IDS/IPS with Deep learning - A Pytorch implementation of a proof-of-concept Intrusion Detection and Prevention system
This repository is my implementation of a research paper about building Intrusion Detection Systems with Deep Learning. The main model used is a sparse autoencoder connected with a softmax classifier. The link to the actual paper is here: Link to paper
The model I implemented with pytorch can be found in the autoencoder.py file.
Here's the structure of the neural network:
The other models used contains a Random Forest model, a Logistic Regression Model and a ID3 Decision Tree.
In this project, the ISCX dataset mimics a real life scenario where less than 10% of data regarding intrusions.

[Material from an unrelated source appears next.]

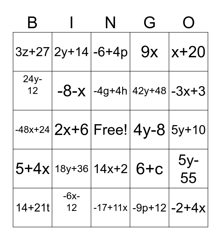 This bingo card has a free space and 47 words: 2x+8, -2+4x, 17x-17y, -17+11x, 18y+36, -15+25y, 2y+14, 9x-18, 24y-12, 7x+1, -8-x, 9x, 5y-55, 6+c, 2b+4y, 3x+2, -4g+4h, 4y-8, -4y, x+20, 2x+6, -9p+12, 3z+27, 42y+48, 6x-24, -3x+3, 14+21t, 6-6x, 14x+2, 5+4x, -12+12x, 4x+12, ab+ac, 3x+45, 4y-12, -6x-12, 5y+10, 8+18w, 16d+20, 6v+-16, -10+14j, -6+4p, -48x+24, -72+54y, -9n+36, 10x+-8 and 6y-9.

Due to the data's highly imbalanced nature, I've decided to train each model by downsampling the data first. Whilst the downsampling decreases the accuracy slightly, it significantly increases precision and recall.
These are all testing metrics based on a 3/7 train test split. (Ranked according to best eval metrics)
| Model | Accuracy | Precision | Recall |
|---|---|---|---|
| ID3 Decision Tree | 99.74% | 99.80% | 99.74% |
| Random Forest | 98.05% | 97.45% | 98.05% |
| Sparse Autoencoder | 97.17% | N/A | N/A |
| Logistic Regression | 70.67% | 80.43% | 70.68% |
To run the program, simply install all required dependencies and run the app through
python3 main.py.
Note that all data run with this program must be first parsed through the CICFlowMeter.
Here's a sample flow of predicting network intrusion with the sparse autoencoder.
This repository contains the following:
- A python script that downloads the raw csv files needed for sampling.
To download the data from ISCX, make sure you have python 3.x installed and run
python3 downloadData.py. Then, wait until it prompts that the download is complete. The total file size is around 887 mb and would take rather long...
- A Jupyter notebook that contains my proof of concept code for a deep learning framework that detects intrusions. It also contains everything from data wrangling to creating baseline models such as KMeans and an Autoencoder network.
To run the notebook above, have Anaconda installed and run
jupyter notebook POC.ipynbin the downloaded repository.
- A set of python scripts that walkthrough all the steps needed to build a model for prediction.
To ensure the data is compatible with the model, make sure to run the PCAP file through ISCX's CICFlowMeter. Then, simply run
python3 main.pyand the program will step you through the model building process.